# Fisher Minute Mount 2 Maintenance



## TheBean (Apr 4, 2012)

I have a Fisher MM 2 on my '06 Dodge (my first plow ever) and was wondering what sort of maintenance is needed before storing it for the summer. I'm assuming it's about the same age as the truck as they came as a package. Drain the hydro fluid from the pump? The entire system? Grease? Searched Fisher site but I'm not sure exactly what model it is.

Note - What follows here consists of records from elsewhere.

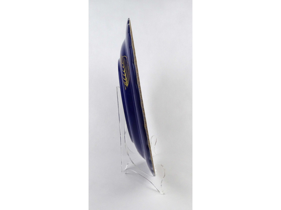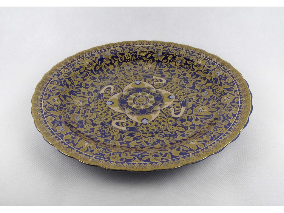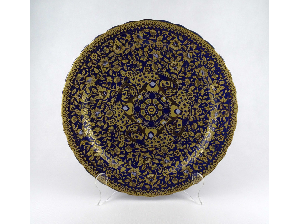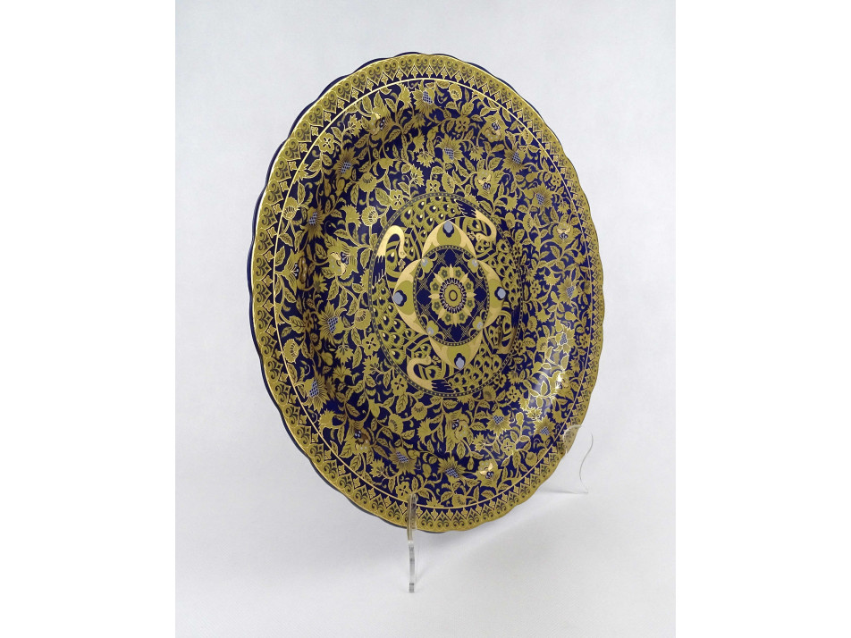 Nagy méretű, hibátlan állapotú, kobaltkék színű, gazdagon aranyozott keleti, perzsa díszítésű pávás porcelán tál, dísztál.
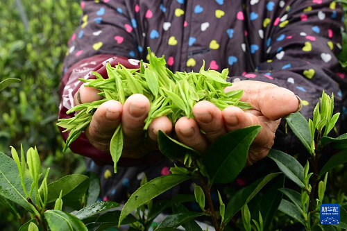 3月29日,在廣西賀州市平桂區(qū)鵝塘鎮(zhèn)盤谷村,茶農(nóng)在采摘明前茶。(新華社發(fā) 黃旭胡 攝)
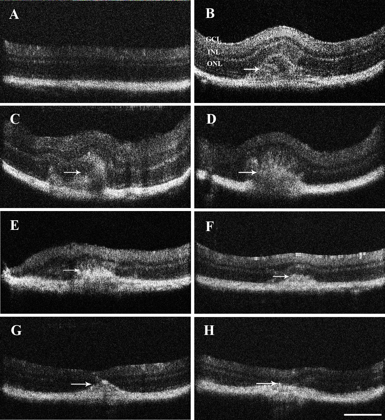 still evident (arrows in E, F). Three weeks after injection, the retina appeared normal without evident retinal detachment (arrows in G, H). The scale bar is 50 μm.
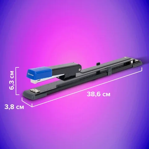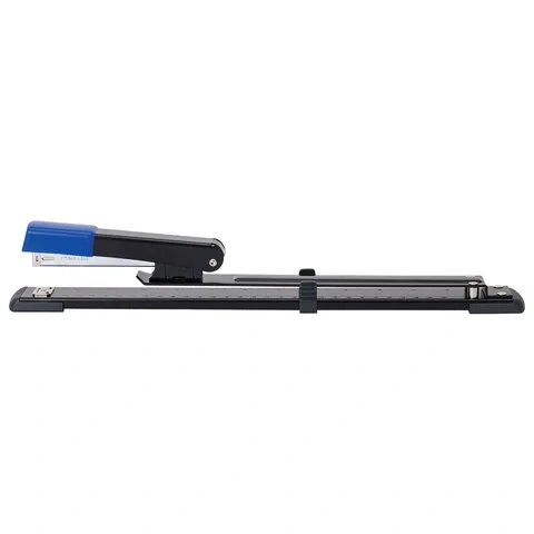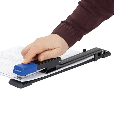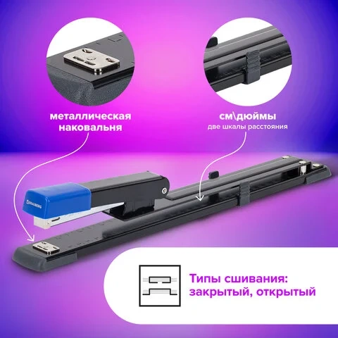 Металлический механизм позволяет сшивать открытым и закрытым способами документы объемом до 30 листов и регулировать глубину закладки бумаги до 30 см. Вмещает 150 скоб № 24/6. Регулятор расстояния сшивания имеет двойную градацию шкалы (сантиметр, дюйм). Корпус выполнен из металла и пластика.

All advice appreciated, thanks.


----------



## Bocefus78 (Apr 4, 2012)

I dont know anything about fishers, as I run a boss but, generally speaking, heres my end of winter routine:

1. Wash off all salt
2. Paint areas that need it to prevent rust
3. Grease/lube it where applicable
4. Check welds for cracks
5. Change hydro fluid
6. Hit the electrical connections with dielectric grease
7. Loosen trip springs--just remember to tighten them up next winter
8. Check all light bulbs
9. Inspect all hoses--I suggest getting a couple of spares


----------



## TheBean (Apr 4, 2012)

Bocefus78 said:


> I dont know anything about fishers, as I run a boss but, generally speaking, heres my end of winter routine:
> 
> 1. Wash off all salt
> 2. Paint areas that need it to prevent rust
> ...


Thanks Bo-
Do you drain all of the hydro fluid? Or just the obvious at the pump? Got most of the rest of your checklist already.


----------



## Reggie Dunlap (Apr 4, 2012)

I have a couple of Fisher's. All I do is put dielectric grease on the connections and make sure the locking pins are closed so the springs are not under tension all summer. I change the hydraulic oil every few years. The best way to do it to drain the pump and blow it out of the lines.


----------



## Bocefus78 (Apr 4, 2012)

As Reggie said, its best to get it out of the lines also. With that said, I don't. I just drain the pump and fill 'er up. I'm by far from a hydro expert. The plow and splitter are my only pieces of hydro OPE.


----------



## TheBean (Apr 4, 2012)

Bocefus78 said:


> As Reggie said, its best to get it out of the lines also. With that said, I don't. I just drain the pump and fill 'er up. I'm by far from a hydro expert. The plow and splitter are my only pieces of hydro OPE.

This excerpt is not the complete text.